Indeed, Baker depends on a simple premise to explore a menu of pretty substantial themes, questions that run from the fine points of Charles Bukowski’s poetry to a more general sense of ennui and alienation (hence the play’s title). She explores those questions with a minimal amount of theatrical pageantry and excess. Case in point: The stage directions specify that silence should reign during at least a third of the show, and the back-and-forth dialogue between characters KJ, Jasper (Casey Andree) and Evan Shelmerdine (Tucker Johnston) make up the entirety of the plot.
While artistically bold and daring, that kind of stripped-down dynamic makes any version of “The Aliens” a special kind of creative challenge. The crew behind BETC’s upcoming production has had to adjust to Baker’s purposefully pared-down vision, and the results have been eye-opening.
“The play begins with a period of silence. There’s no dialogue,” said director Rebecca Remaly, who’s also a founding BETC company member. “The audience is witnessing an incredible way of telling extraordinary stories through ordinary moments.”
That’s par for the course for Baker, whose similarly intimate show “The Flick” won the Pulitzer Prize in 2014. Past works in the playwright’s three-piece “Vermont Cycle” show a similar love for nuance and minimalism; shows such as 2009’s “Circle Mirror Transformation” depend on carefully plotted character interaction for their effect.

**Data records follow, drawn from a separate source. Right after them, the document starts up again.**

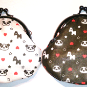 ぱんだ混じりのモノグラムプリントで作ったがま口のお財布です。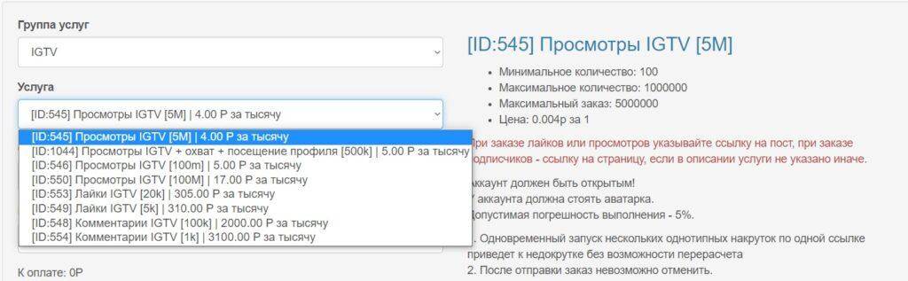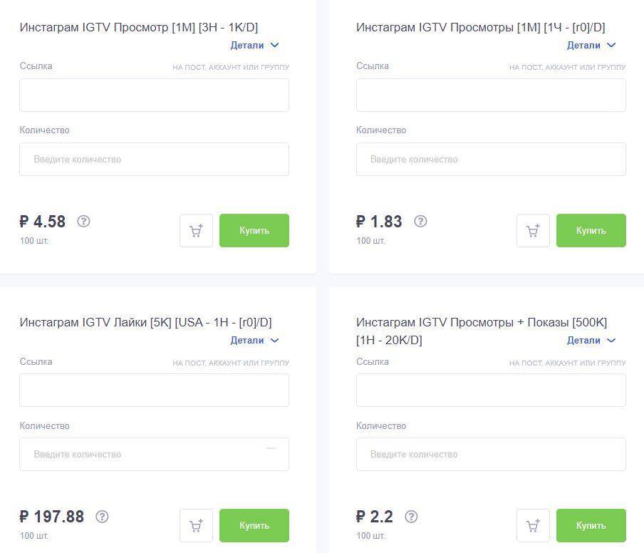 Этот сервис платный, однако цены довольно доступные – 0,99 руб. за 100 просмотров видео. Здесь можно заказать и просмотры историй – как самой новой, так и всех сторис аккаунта.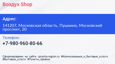 Воздух Shop по адресу 141207, Московская область, Пушкино, Московский проспект, 20 в дальнейшем Организация, размещена в следующих категориях: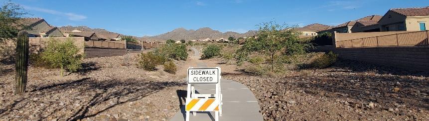 The sidewalk in the common area between Deer Creek Trail and Cliff Springs commonly referred to as the “Grand Canyon” is closed. The soil erosion under and around the sidewalk may have compromised its integrity. It has been closed based on the advice of counsel for safety reasons to prevent any accidents. Although signs have been posted, some homeowners continue to use it.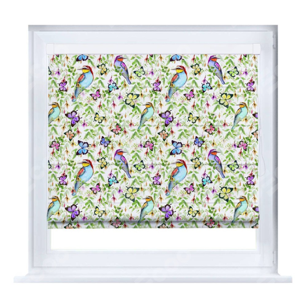 Римская штора производителя «Cortin», устанавливается на створку окна, пошита из ткани блэкаут с нанесением сублимационной печати «Тропические птицы». Штора шьётся по индивидуальным размерам, для данного типа римской шторы возможная ширина от 35 до 150 см., высота до 250 см.
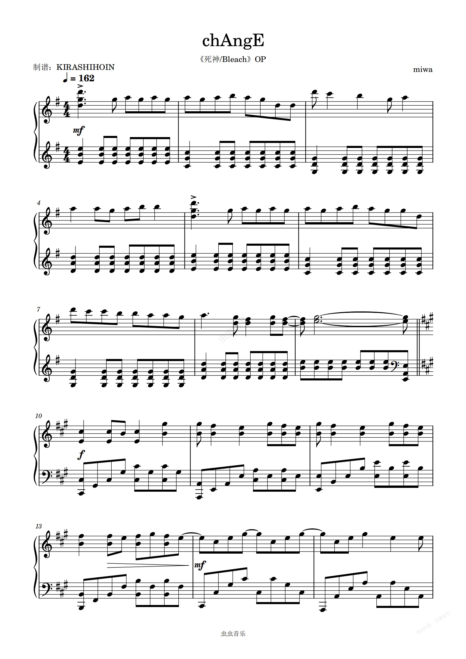 钢琴谱:chAngE(《死神/Bleach》OP)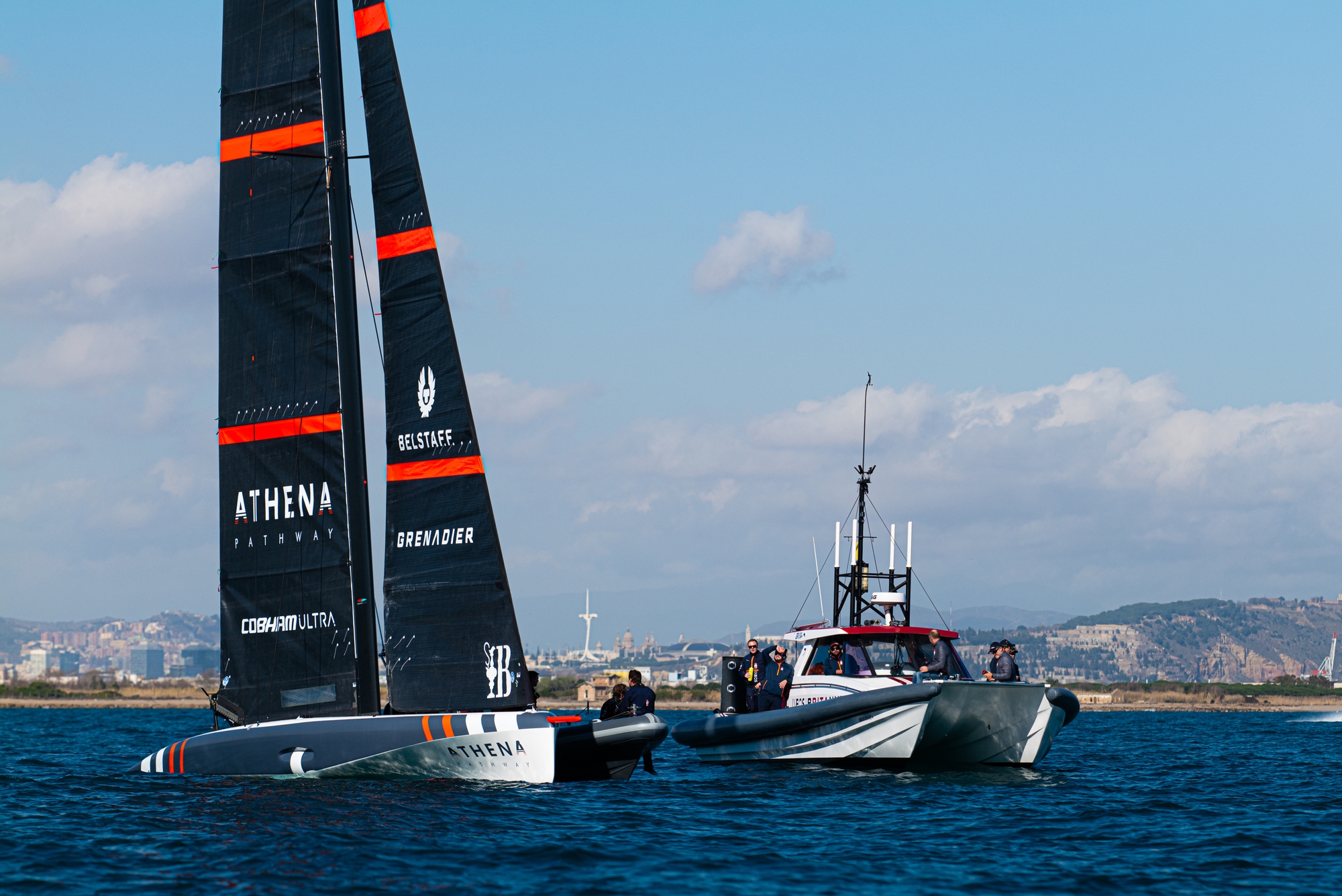 On-Water Recon Report – INEOS Britannia: A lack of breeze in Barcelona prevented the British team from clocking up any meaningful sailing today aboard the British AC40 Sienna. The boat was set up in one design mode for the two-hour session using the one design M1-1 mainsail and J1-2 headsail. After launching at 1103 and docking out at 1233 the boat left the harbour at 1400 and was put straight on to a bow tow in sub 6 knots of breeze. After coming off the tow and foiling under its own momentum for a couple of minutes on starboard tack the boat abruptly fell off the foil and stopped. A subsequent tow up resulted in 8 minutes of flight time and included one foiling tack before the wind faded and the boat dropped gracefully into displacement mode. After that, despite towing for 20 minutes over to the stretch of water adjacent to Barcelona airport, the breeze failed to register more than brief 7 knot puffs. Time was called at 1535 with the boat towed back to the harbour for a 1615 dock-in. No recon is required before Monday March 11 at the earliest.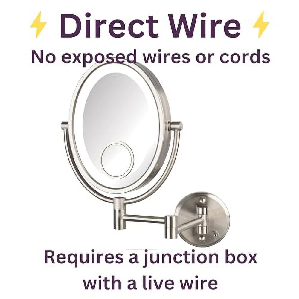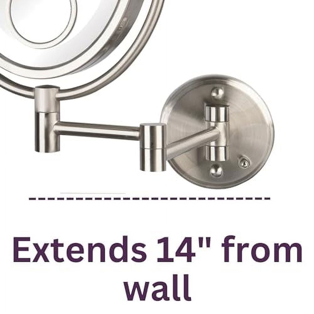 WALL-MOUNT CONVENIENCE – Experience the space-saving convenience of a wall-mounted makeup mirror. This mirror is attached to a 14-inch arm that extends from the wall. Save valuable counter space with this adjustable, wall-mount mirror SWIVEL DESIGN – The makeup mirror features a smooth, 360-degree swivel design. The extendable arm combined with the swivel function makes grooming and makeup application easier and more convenient. Easily switch from 1X to 10X magnification MODERN STYLE – This Jerdon wall-mounted personal mirror features an oval mirror attached to the nickel finish extendable arm. This modern makeup mirror looks stunning in any bathroom and saves space. The swivel capability and moveable arm make this mirror as functional as it is stylish MAGNIFICATION OPTIONS – This Jerdon makeup mirror has 2 magnification levels, 1X and 10X. The 10X magnification makes tweezing and grooming easier while the 1X is perfect for basic skincare and makeup application. SPECIFICATIONS – This elegant lighted personal mirror is perfect for any bathroom, especially ones that are low on space. This nickel finish mirror includes a 14-inch extendable wall-mount and mounting hardware, allowing you to save valuable counter space. This 8″ by 10″ mirror is great for shaving, grooming, makeup application and more! The location where the mirror is mounted will require a junction box with a live wire in order to provide light.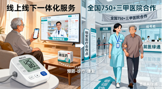醫(yī)療級服務需要覆蓋從預防、診療到康復的完整鏈條。怡安醫(yī)療已對接全國750多家三甲醫(yī)院,可提供就醫(yī)綠通、陪診等線下服務;同時配備線上藥房、慢病管理等功能模塊,實現(xiàn)了線上線下一體化。

The same goes for “The Aliens,” where the playwright’s prescribed stretches of quiet make the existing dialogue all the more critical to the story, Remaly said, and that’s where timing and delivery make a big difference.

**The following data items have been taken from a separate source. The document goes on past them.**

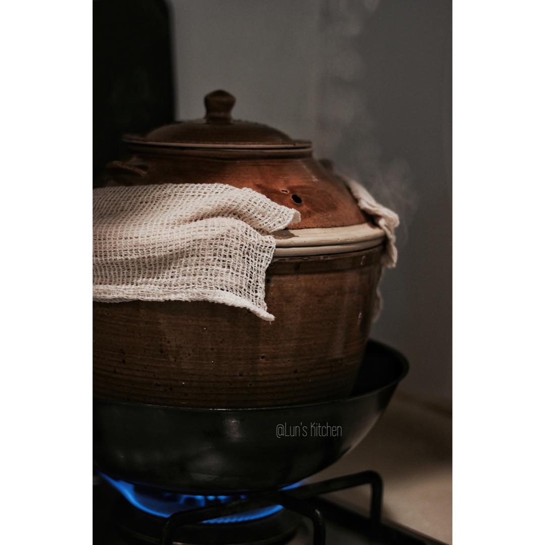 贞丰地区买来的土罐,蒸上兴义地区买到的土鸡…哒哒哒…一会儿喝鸡汤咯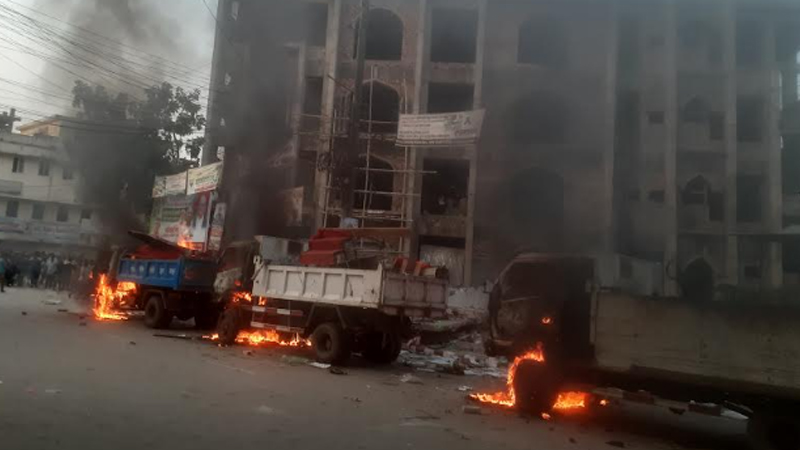 ভোলা পৌরসভার তিনটি গাড়ি জ্বালিয়ে দিল অবৈধ দোকানিরা, আহত ১৫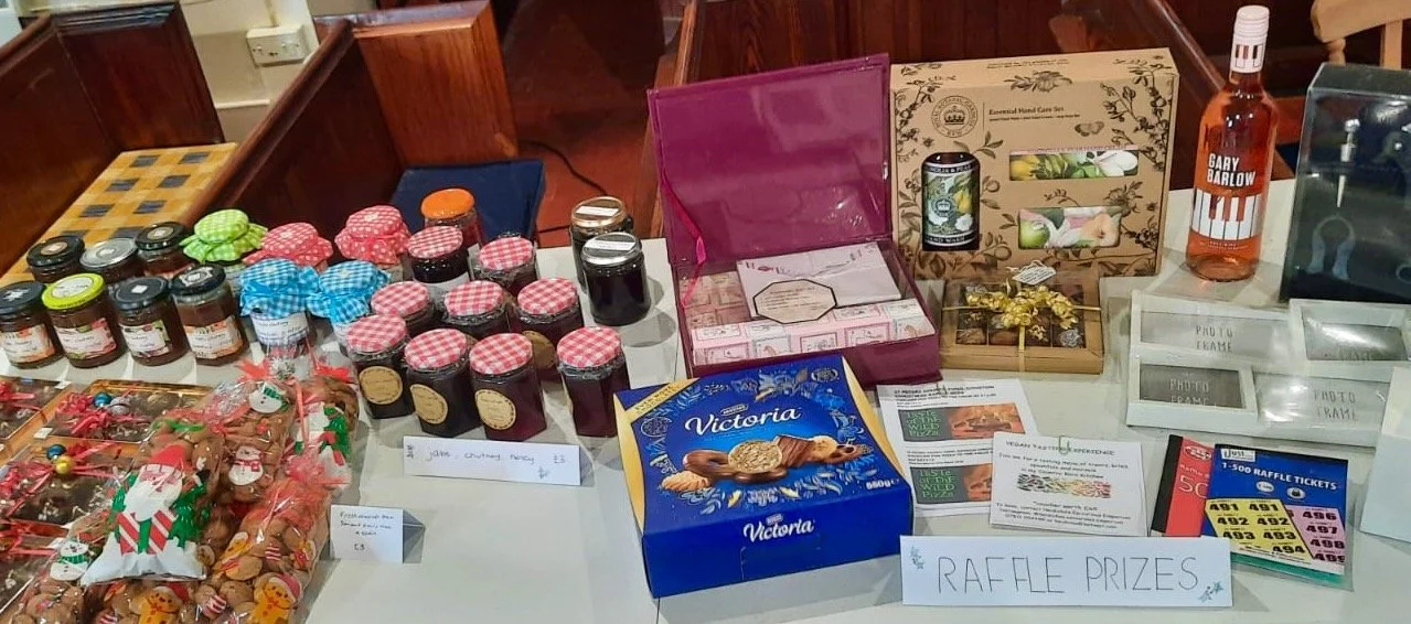 Coffee, mulled wine & mice pies and selling home maid goodies. All in aid of the church repair fund.

“We’re learning that it’s really a domino effect,” Remaly said. “The dialogue is so simple and straightforward, yet if you change even a little of one line of a three-sentence exchange, by the end it profoundly affects where you started from.”
The structure has offered just as many rewards as challenges for Jurcheck, whose role in the show also includes several musical moments. The character of KJ breaks out into song throughout the plays, but these aren’t the catchy tunes of your average Broadway musical. Instead, they’re arrhythmic, nonlinear ditties, unaccompanied songs that are just as tricky as the show’s carefully plotted balance of words and silence.
“For my character, the songs offer a way to make sense of his life,” Jurcheck said. “They let him express these feelings that he has that have never been accepted in regular society. They let him experiment with ideas, release tensions in his life.”
The character’s off-kilter tunes hint at the show’s larger questions about exclusion and expectations in modern society, Jurcheck said. While navigating the show’s tricky fusion of everyday jargon and unbroken silence has posed technical hurdles as an actor, the ultimate effect is a creative reward for both the cast and audience.
“There’s a lot of power in silence. To sit and to know that people are watching you being silent, it does really interesting things. It forces the audience to listen to their own voices inside their heads — it can even make people a little angry,” he added, a clear tone of joy creeping into his voice. “To play with that, and to affect people in that way, it’s really fun, it’s really exciting.”